Money & Banking

IBBI slaps monetary penalty on IP

KR Srivats New Delhi | Updated on October 17, 2018 Published on October 17, 2018

Fine equivalent to 100% of fees as IRP and IP

 

 

Insolvency regulator IBBI has imposed a monetary penalty on Sandeep Kumar Gupta, an insolvency professional, for not allowing the Committee of Creditors (CoC) to play its rightful role in the corporate insolvency resolution process (CIRP) of Stewarts & Lloyds of India Ltd.

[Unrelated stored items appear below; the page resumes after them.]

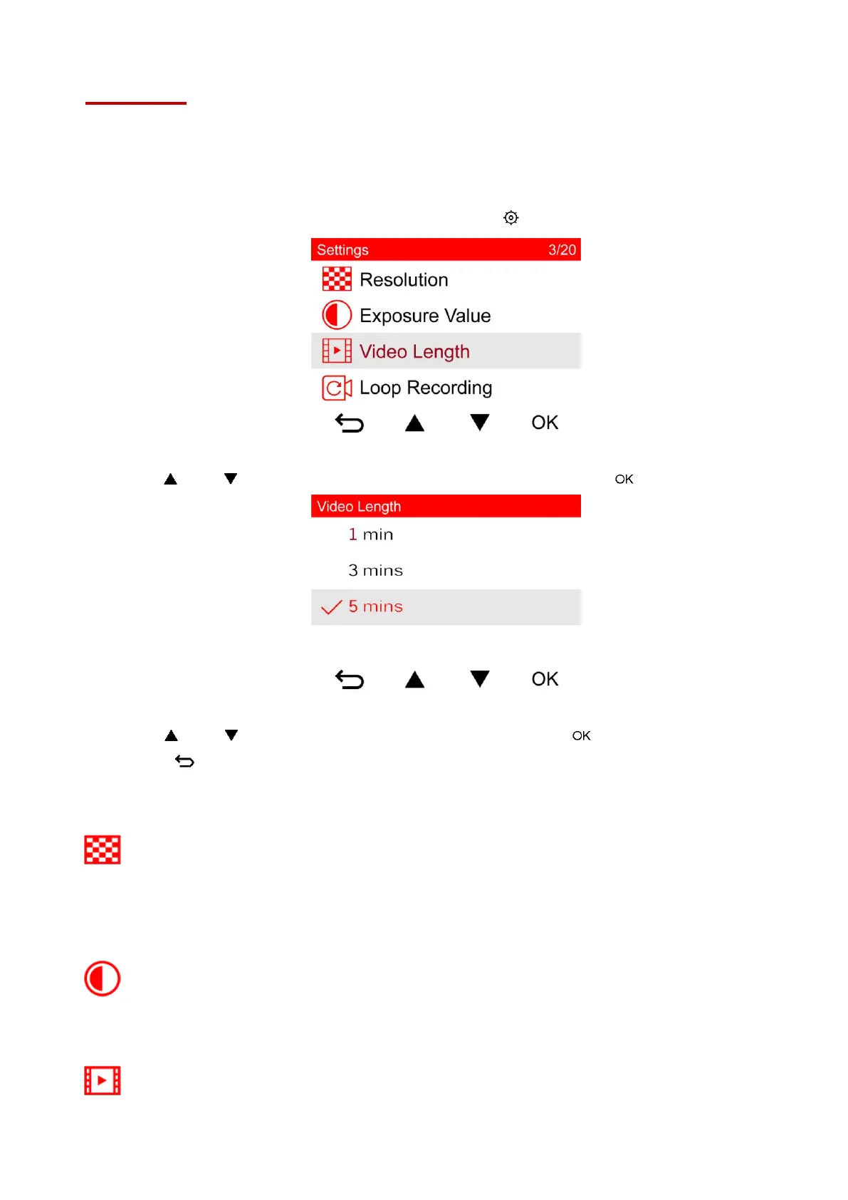 In the Settings menu, you can adjust settings of video resolution, recording time and G-Sensor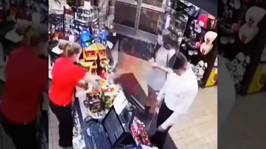 V úložišti, láhev Coca Coly, která vypadla z rukou zákazníka, je zastřelen a poškrábán mužem a ženou, kteří čekali u pokladny. Naštěstí, krabička měla ochranné sklo, a pokladník unikl určité nehodě.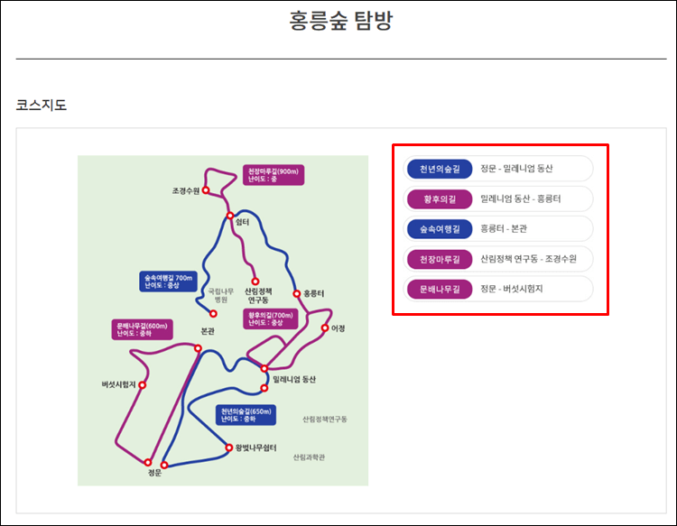 홍릉숲은 아래와 같은 코스로 이루어져있습니다.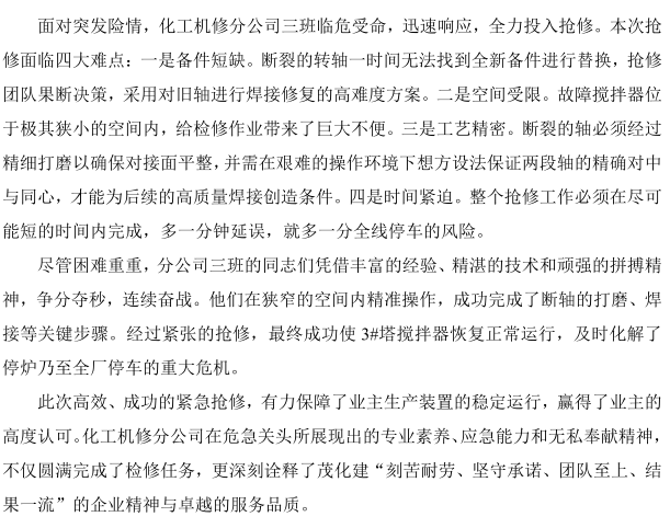 聞令而動(dòng)!化工機(jī)修分公司高效搶修守護(hù)業(yè)主生產(chǎn)生命線

In the case of Stewarts & Lloyds, Gupta deprived the CoC of its right to decide on the fate of the corporate debtor (Stewarts & Lloyds), and thereby pushed the corporate debtor into liquidation, the IBBI’s Disciplinary Committee said in an order.

IBBI’s Disciplinary Committee has now imposed a monetary penalty equal to 100 per cent of the total fee payable to Gupta as an Interim Resolution Professional (IRP) and as Resolution Professional (RP) in the resolution process of Stewarts & Lloyds. Gupta is a member of the ICSI Institute of Insolvency Professionals, an Insolvency Professional Agency (IPA).

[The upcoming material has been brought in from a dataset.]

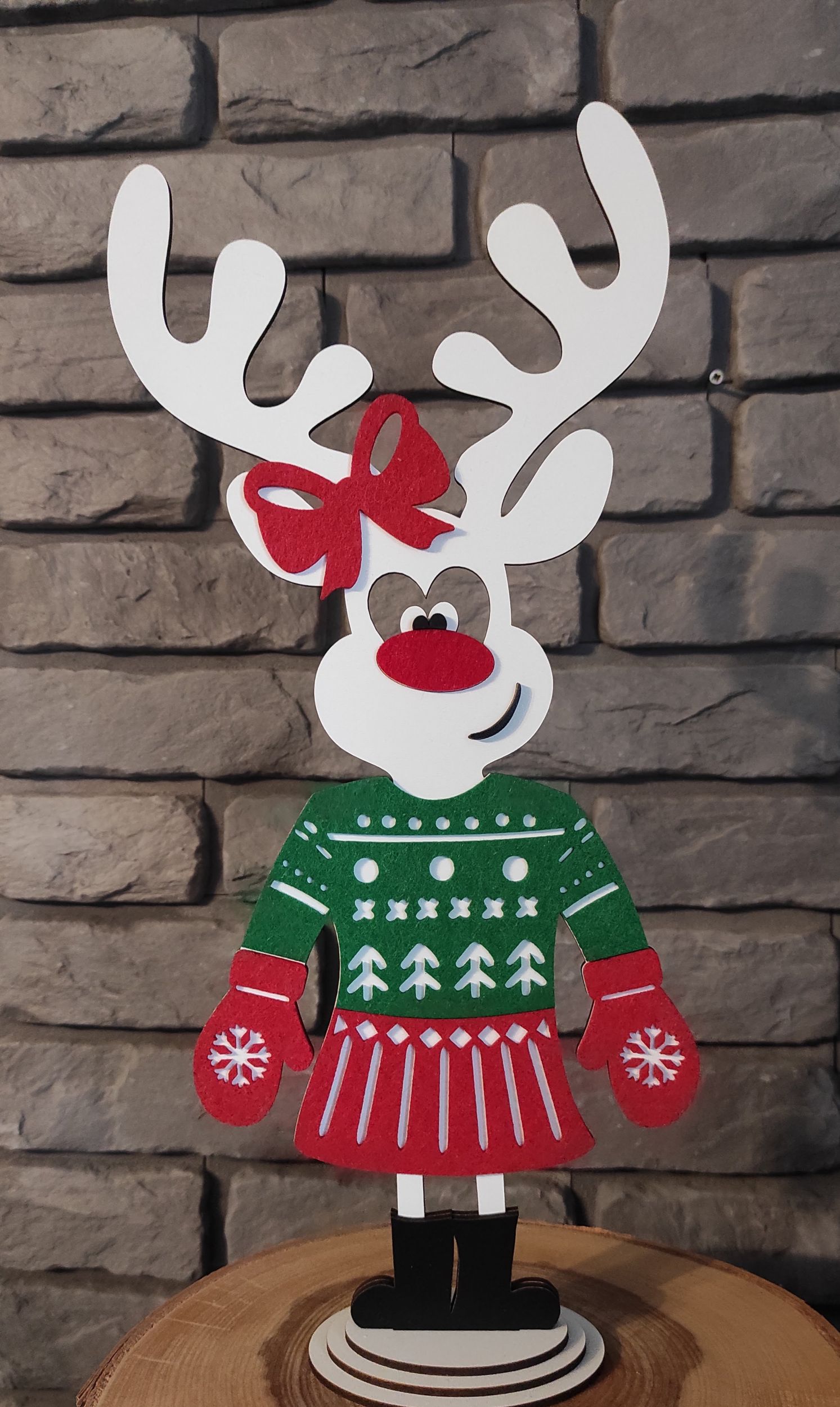 Dekoracja Pani RENIFER w pięknym filcowym sweterku, spódniczce i rękawiczkach będzie wspaniałym uzupełnieniem świątecznego wystroju.

This Disciplinary Committee – comprising IBBI Chairman MS Sahoo and Whole-Time Member Mukulita Vijayawargiya – noted that Gupta did not hold a single meeting of the CoC in his term as resolution professional (RP).

The Disciplinary Committee wondered how one could justify that the CoC has no role whatsoever in a CIRP.

“By not allowing and facilitating the CoC to play its rightful role, Gupta has dealt a fatal blow to the basic premise of the code. He also failed to protect the interests of the corporate debtor and creditors and stepped into the shoes of the CoC,” the Disciplinary Committee said.

‘Undertake a course’

While imposing a penalty, the Disciplinary Committee also directed Gupta to undergo the pre-registration educational course from his IPA to improve his understanding of the code and its regulations before accepting any assignment under IBC 2016.

In passing this order, the Disciplinary Committee said it was conscious of the fact that the insolvency regime is new in India and the institution of insolvency profession is new and emerging.

“This CIRP is the very first assignment of Gupta. He has tendered an unconditional apology for all his inadvertent and unintentional errors in his understanding. Further, the role of an IP in India is significantly different from that of matured jurisdictions, particularly in the UK. This may call for some leniency,” the committee said.